= Muktzeh =

Items that may not be moved during Shabbat or Yom Tov

Muktzeh (Note: also Muktzah, Muktza, Muktze, Muqtzeh, Muqtzah, Muqtza, Muqtze.) /mʊktzə/ (Hebrew: "separated") is a concept in Jewish rabbinical law (Halakha). Muktzeh objects are subject to use restrictions on the Sabbath. The generally accepted view regarding these items is that they may be touched, though not moved, during Shabbat (the Jewish Sabbath) or Yom Tov (Jewish holiday). Some extend this prohibition to the actual handling of these items. Halakha defines various categories of objects or substances which are "set aside" on the Jewish Sabbath, as well as various permissible instances of moving these various muktzeh items. For example, one may not handle money, rocks, twigs, etc. on Shabbat, as these items are muktzeh.

The consensus among the halakhic authorities is that muktzeh is an issur d'rabbanan (a rabbinic prohibition), rather than a d'oreisa (biblical prohibition).

There are four main types of Muktzeh (items that are set aside and cannot be moved on Shabbat):

1. Kli SheMelachto LeIsur (כלי שמלאכתו לאיסור) – A tool whose defined use involves work forbidden on Shabbat (for example, a match).
2. Muktzeh Mechamat Chisaron Kis (מוקצה מחמת חסרון כיס) – An expensive item that requires careful handling and is set aside to avoid damage (for example, a piece of art).
3. Muktzeh Mechamat Gufo (מוקצה מחמת גופו) – An object that is not a tool and has no defined use on Shabbat (for example, a stone or a dead body).
4. Basis LeDavar HaAssur (בסיס לדבר האסור) – An item that is not Muktzeh in itself but serves as a base for another item that is considered Muktzeh Machmat Gufo (for example, a tray on which Shabbat candles are placed).

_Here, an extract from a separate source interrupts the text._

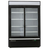 MXM2-48RSBHCMaxx Cold Glass Door Merchandisers are designed for durability and visual appeal to display products for commercial foodservice purposes. The Maxx Cold Double Sliding Glass Door Merchandiser Cooler Refrigerator is energy efficient and effective at displaying products at the right temperature to preserve freshness and prolong shelf life. It has two double-pane insulated sliding glass doors, making it easy for customers to view and access your product selection. Eight adjustable heavy-duty wire shelves hold various beverages and foods, from soda and bottled water to sandwiches and salads. Simple-to-use, programmable solid-state digital controls deliver accurate temperature regulation. This glass door merchandiser is constructed of black powder-coated steel exterior and powder-coated aluminum interior. It provides up to 48 cubic feet of storage capacity. The unit is supplied with an illuminated top panel for advertising and promoting your products. A lock and key set is included for security. This glass door merchandiser refrigerator is ideal for your commercial needs.
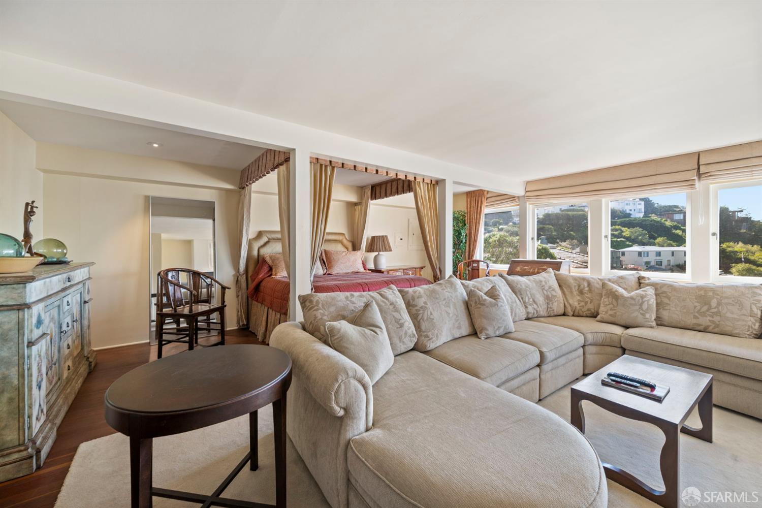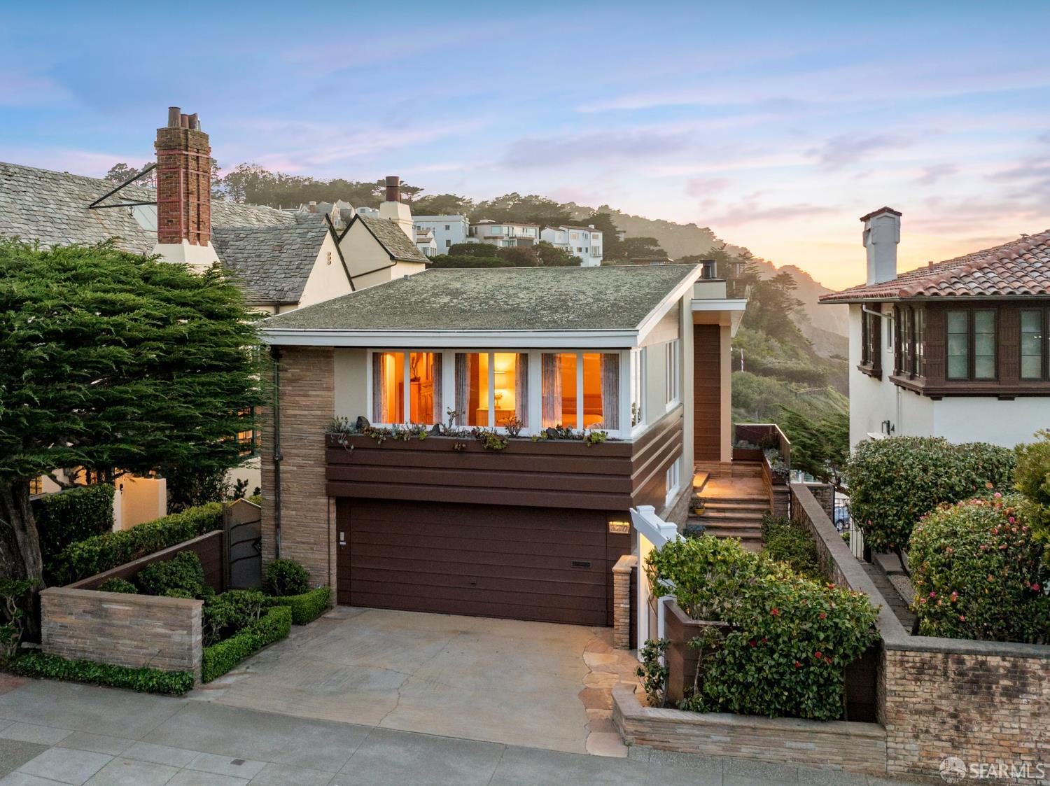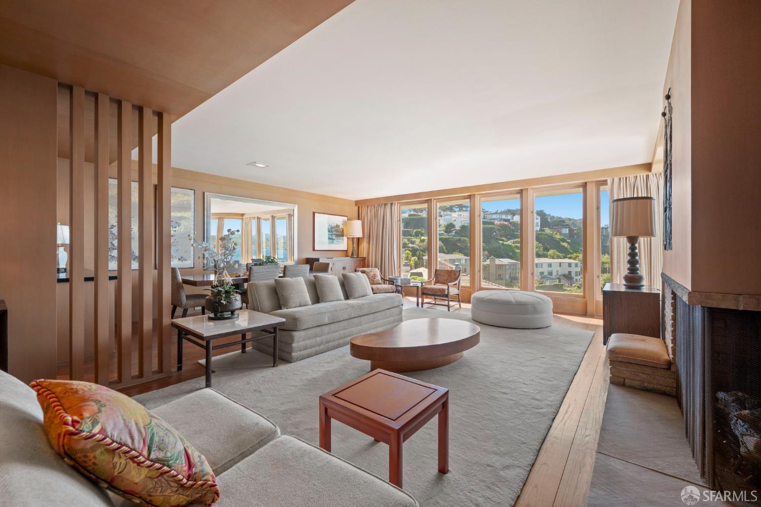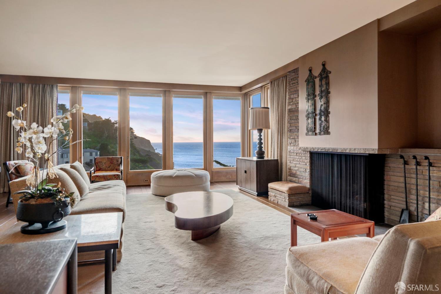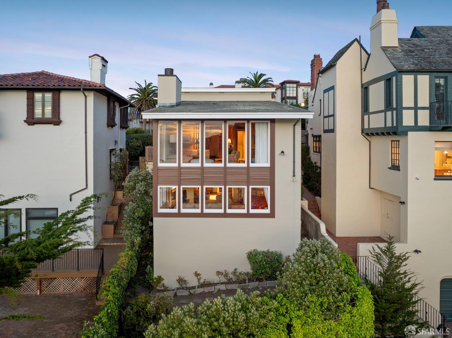 Perched above the Pacific Ocean in the prestigious Sea Cliff neighborhood, this architectural gem is a rare offering for connoisseurs of Mid-Century Modern design. Originally crafted in 1949 by prominent mid-century architect Clarence Peterson as his personal residence, this home is a triumph of timeless elegance, blending iconic design and engineering elements with unparalleled views of the ocean, Marin Headlands, and Golden Gate Bridge. The home welcomes you with a formal flagstone path and broad stone porch, offering a sense of exclusivity from the very first step. Inside, the main level is a showcase of sophisticated living and entertaining spaces. The elegant living room, bathed in natural light, features a striking flagstone fireplace, wood paneling, and expansive windows that frame breathtaking ocean vistas. This main living space includes the formal dining room so you and your guests can admire the views while you dine, this level is as functional as it is visually inspiring. Spanning three meticulously designed levels, the home’s split-level layout highlights its modernist pedigree while optimizing every inch of space. The upper level hosts an inviting office/library which is open to the lower living level and a serene and private primary suite, where you can enjoy views of the Golden Gate Bridge. On the lower level, is a versatile space, currently used as a second bedroom, complete with ocean views, a gas fireplace, and a full bathoffering endless possibilities, whether used as a private guest retreat, media room, or fitness space. Beyond its architectural pedigree, this property has been exquisitely preserved, with original details intact, including bespoke furniture designed by Peterson himself. The home’s design captures the essence of mid-century modernity while accommodating contemporary lifestyles with ease. An attached two-car garage provides additional convenience. The location is simply unmatched, enjoy tranquil walks to China Beach, or take advantage of easy access to San Francisco’s vibrant cultural and culinary sceneall while savoring the privacy and serenity that only Sea Cliff can offer. This is more than a home; it’s a statement. A rare opportunity to own a piece of architectural history in one of San Francisco’s most coveted enclaves.

Additional types of Muktzeh:

- Muktzeh Machmat Mitzvah (מוקצה מחמת מצווה) – For example, during the festival of Sukkot, the wood and decorations of the sukkah.
- Muktzeh Machmat Mi'us (מוקצה מחמת מיאוס) – Items that are set aside due to their repulsive nature.
- Nolad (נולד) – Items that came into existence on Shabbat.
- Migo D'Itkatzei (מיגו דאתקצאי) – An item that was Muktzeh during twilight remains Muktzeh for the entire Shabbat.
- Muktzeh Machmat Isur SheBeGufo (מוקצה מחמת איסור שבגופו) – An item that is not a tool but is designated for forbidden work (for example, wool for spinning or wood for burning).
- Muktzeh Mishum D'chiyah B'yadayim (מוקצה משום דחייה בידיים) – For example, grapes that were placed on the roof before Shabbat to dry into raisins.
- Kli She'Melachto L'Heter (כלי שמלאכתו להיתר) – It is forbidden to move a tool whose primary use is permitted, without any need at all.

== General concept ==
Muktzeh is essentially a restriction on objects that were not 'prepared' before the Sabbath. The absence of preparedness in this sense means that when Shabbat began, the vast majority of people would not have expected to use this particular item or substance on Shabbat.

== Categories ==
There are six main categories of muktzeh, each one with different halakhic ramifications:

- Mechamat Chisaron Kis: delicate objects which one is extremely careful when handling; e.g. a musical instrument or camera.
- Basis: an object supporting a muktzeh item, which takes the same status as the muktzeh item; e.g. the tray holding the Shabbat candles.
- Mechamat Gufo: objects that are not utensils and have no ordinary Shabbat function; e.g. raw foods.
- Mechamat Isura: objects whose use is totally prohibited on Shabbat; at the start of Shabbat, they become muktzeh, remaining muktzeh until the end of Shabbat; e.g. Shabbat candles.
- Kli Shemlachto L'isur: objects designed primarily to perform forbidden work; e.g. a hammer.
- Mechamat Mitzvah: objects used only to perform a non-Shabbat mitzvah; e.g. a lulav.